- [TASK REQUIREMENTS]:
Take the line that contains "Accessory:Jumper cable,AC adapter,Car" and every line below it to the end of the entries, and give them again exactly, leaving out any pictures.

Extracted records:
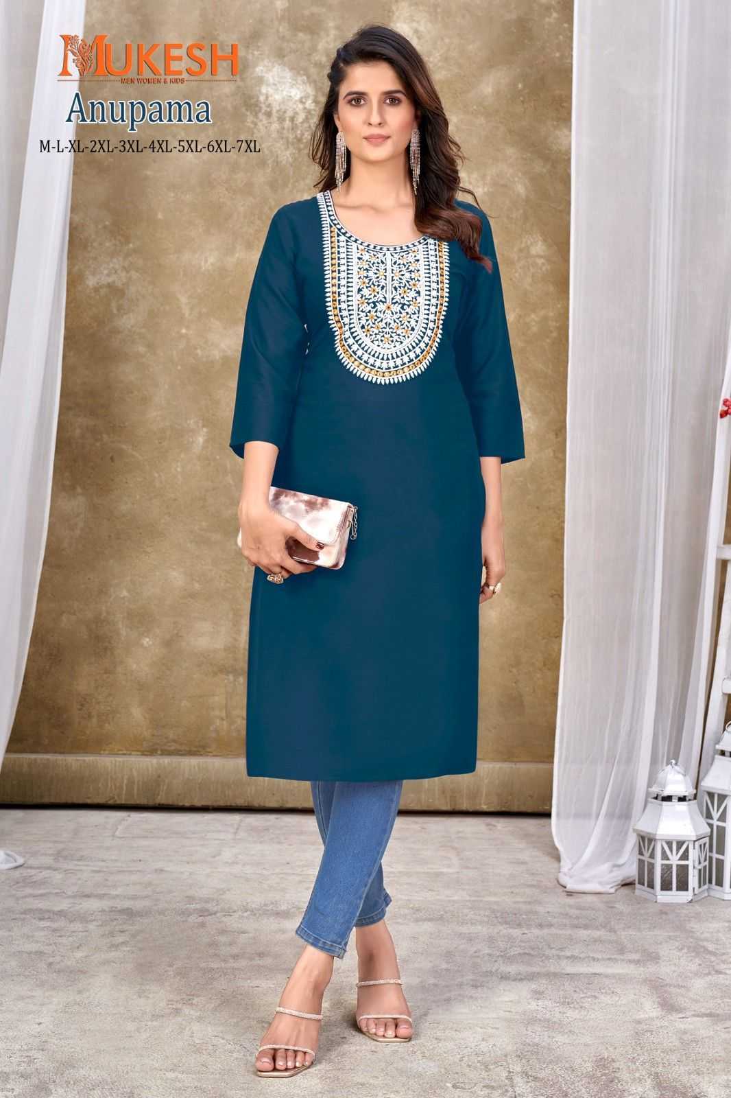 💐 ANUPAMA💐 FABRIC :- 14kg RAYON Work:- EMBROIDERY WITH MIRROR Size :- M, L, XL, XXL, 3XL, 4XL, 5XL Design :- 6 Rate : 275/- |
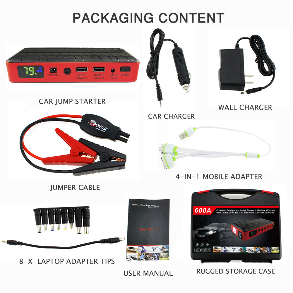 Accessory:Jumper cable,AC adapter,Car Charger,Phone charging cable,Laptop charging cable
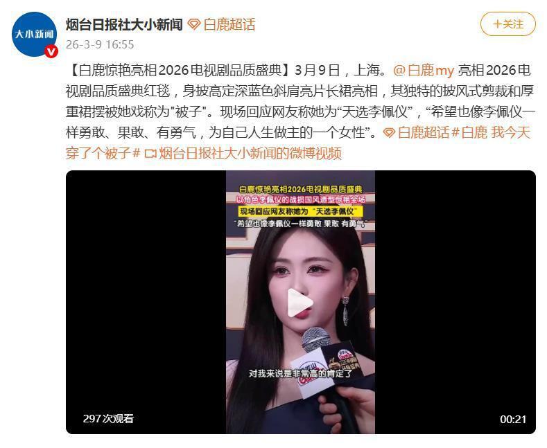 除了造型引发的欢乐讨论,白鹿在现场的回应也展现了清醒的一面。当被问及网友称她为“天选李佩仪”(其饰演的某个角色)时,她表达了对角色的认同,并希望自己能像角色一样,“勇敢、果敢、有勇气,为自己人生做主”。这番表态,让她在红毯的幽默之外,多了一份演员的深度。
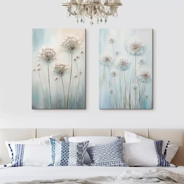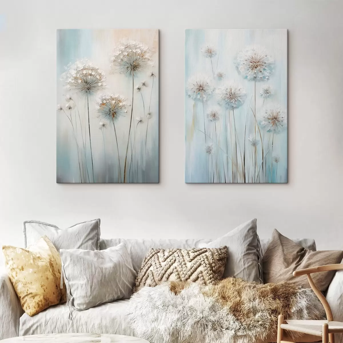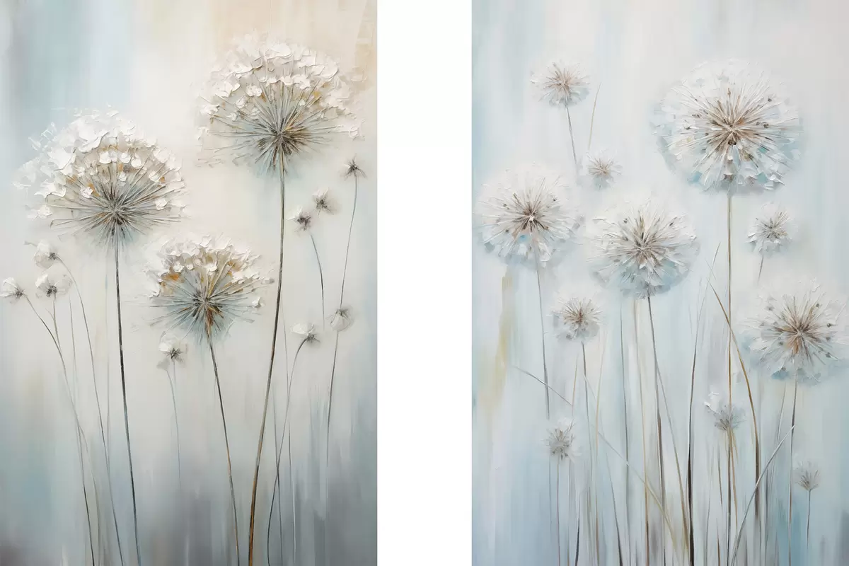 Maalid Tekstuuriga maalistiil, millel on kujutatud võililled pehme sinise ja valge taustaga Nr m30048
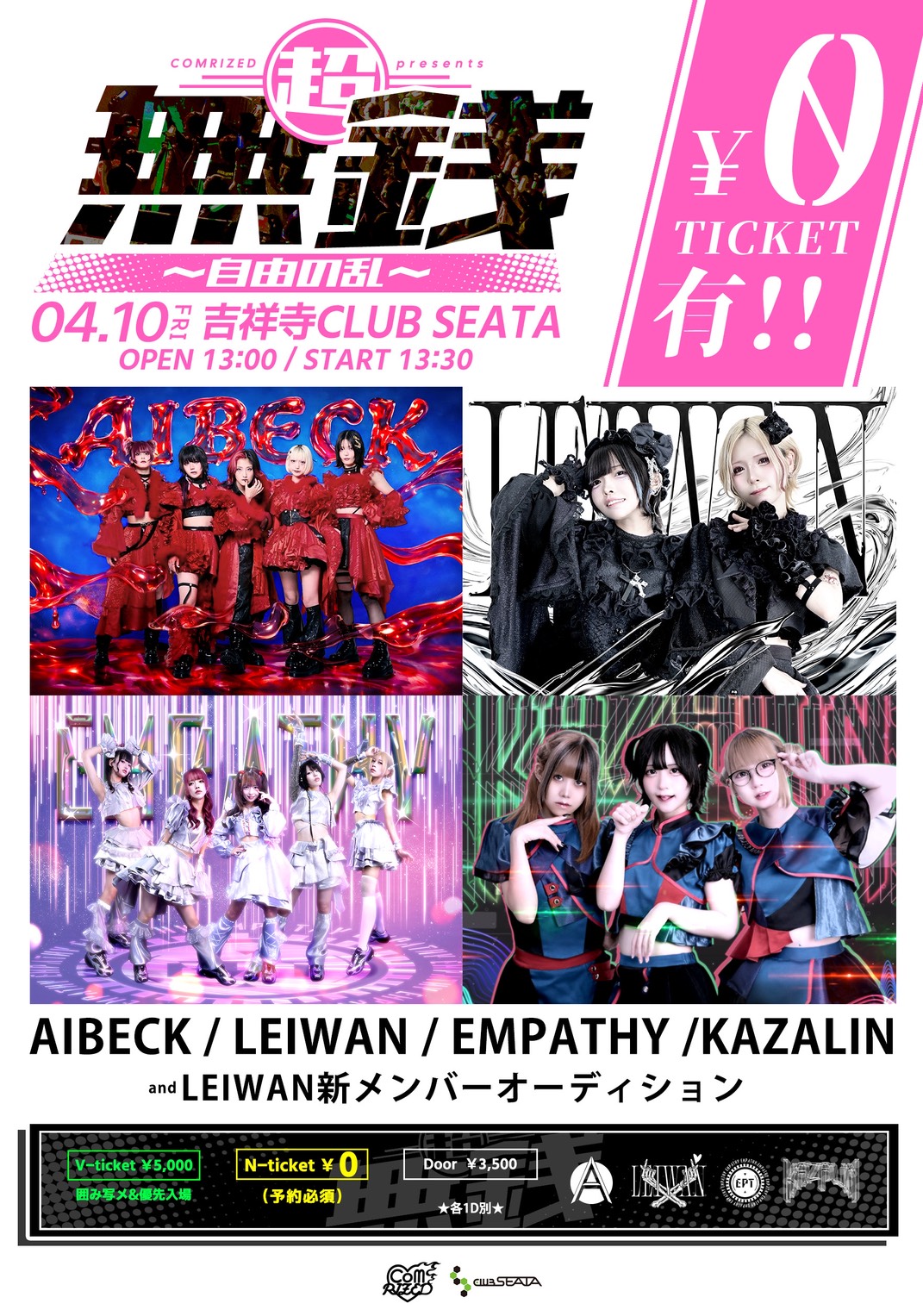 - 前売VIP:5,000円(30名限定/囲み写メ&優先入場) 前売N:0円 前売(当日支払い)1,500円 当日:2,900円 (1Drink代金¥700別途必要)

- [EXERCISE OUTPUT]:
 Accessory:Jumper cable,AC adapter,Car Charger,Phone charging cable,Laptop charging cable
 除了造型引发的欢乐讨论,白鹿在现场的回应也展现了清醒的一面。当被问及网友称她为“天选李佩仪”(其饰演的某个角色)时,她表达了对角色的认同,并希望自己能像角色一样,“勇敢、果敢、有勇气,为自己人生做主”。这番表态,让她在红毯的幽默之外,多了一份演员的深度。
 Maalid Tekstuuriga maalistiil, millel on kujutatud võililled pehme sinise ja valge taustaga Nr m30048
 - 前売VIP:5,000円(30名限定/囲み写メ&優先入場) 前売N:0円 前売(当日支払い)1,500円 当日:2,900円 (1Drink代金¥700別途必要)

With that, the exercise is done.